Alistair, Chris and Nick went off to the London International Wine and Spirits Awards dinner Wednesday night at Guildhall, in the City of London, to pick up our Best Pinotage Trophy.

Here is a short vid of Al getting ready in the office for the dinner.

Nick received the trophy and it is now sitting in my office.


As you’ll see, Al was a little under whelmed with the prospect of going to the dinner and the Trophy itself.

It is interesting that while Al is a bit disdainful of the Trophy, Graham has said that it was the best thing that has ever happened to us in the South African market. He has done tons of new business and our 2005 Pinotage is now a hot commodity in the local market.
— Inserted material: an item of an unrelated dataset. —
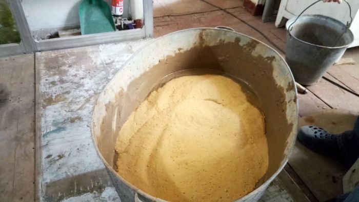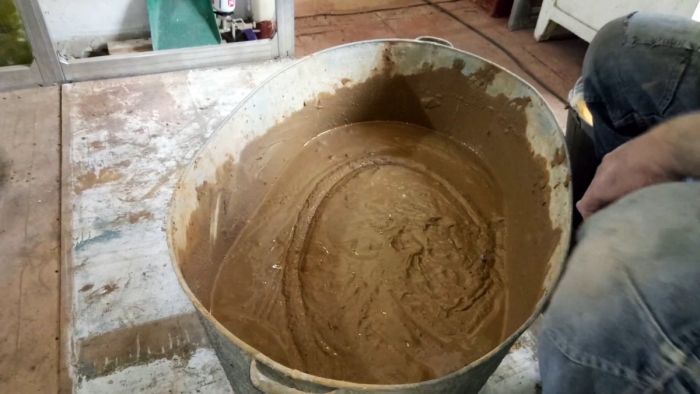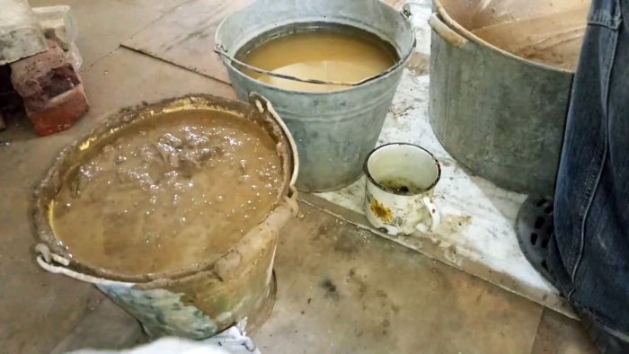 Для начала в емкости замешивается затворенная глина с песком в пропорции 1:2.

From my position, it’s all good. However, there is one thing that I find really disturbing about the Trophy. If you take a look at the engraving on the trophy, it reads: “KWV International Trophy for Pinotage”.
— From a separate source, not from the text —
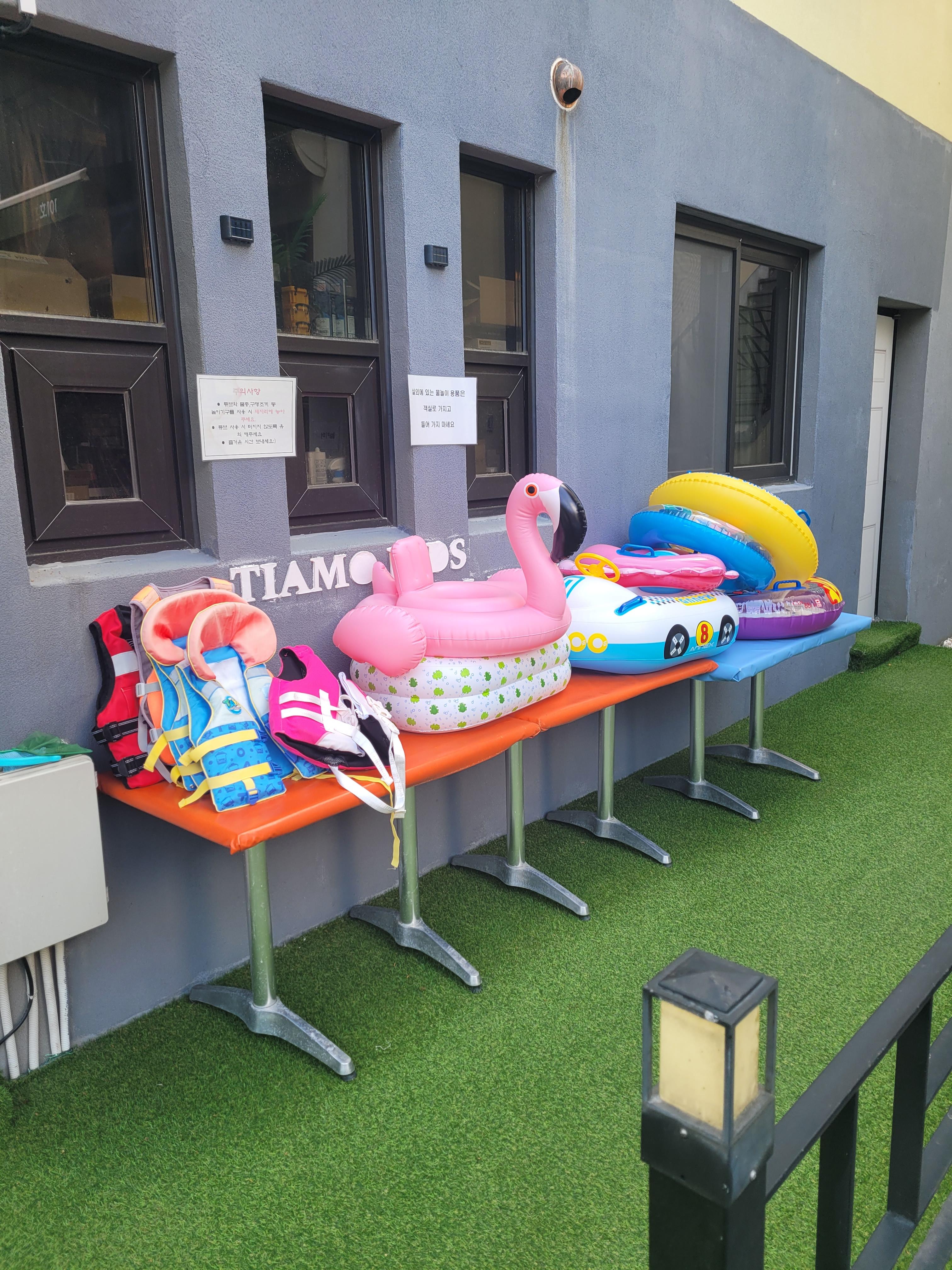 내부 수영장에도 공부터 튜브 그리고 구명조끼등 물품이 준비되어 있고

As far as I know, KWV had nothing to do with this Trophy. They certainly had nothing to do with the making of the wine and the judging was done by an independent panel. So, why is their name engraved across our Trophy?

It appears that it is some sort of sponsorship. The organizers list all of the sponsorships are here. So, it seems that for a bit of cash, you can have the appearance of having produced some trophy winning wine, or get the implied status of having granted a competitor a trophy for their wine. Either way, it’s a bit of sleight of hand that I think undermines the gravitas that the organizers try very hard to foster.

The conflict is obvious. Many awards organizations are for profit businesses. They need to earn a profit. Entries for this IWSC award cost, if memory serves, about $200 per wine. Thousands of wines are submitted.Tickets for the awards dinner are nearly $300 each, around 700 people attend. You get the idea. The sponsorships must generate some cash and then if you want to put the medal on your bottle, it costs for the stickers, etc.

I prefer the old California County Fair system. Respected members of their respective fields get together and judge the best bred pigs, goats, cattle, roosters; most delectable apple pies, cookies, ribs, etc. Wines include homemade wines and commercial wines. Commercial wines cost $44.00 to enter. If you have a great homemade beer, there is a judging for that, too. A gold medal from one of the California fairs carries a lot of weight.

People get together, have a good time and enjoy the harvest bounty. No pretense. Just Fun.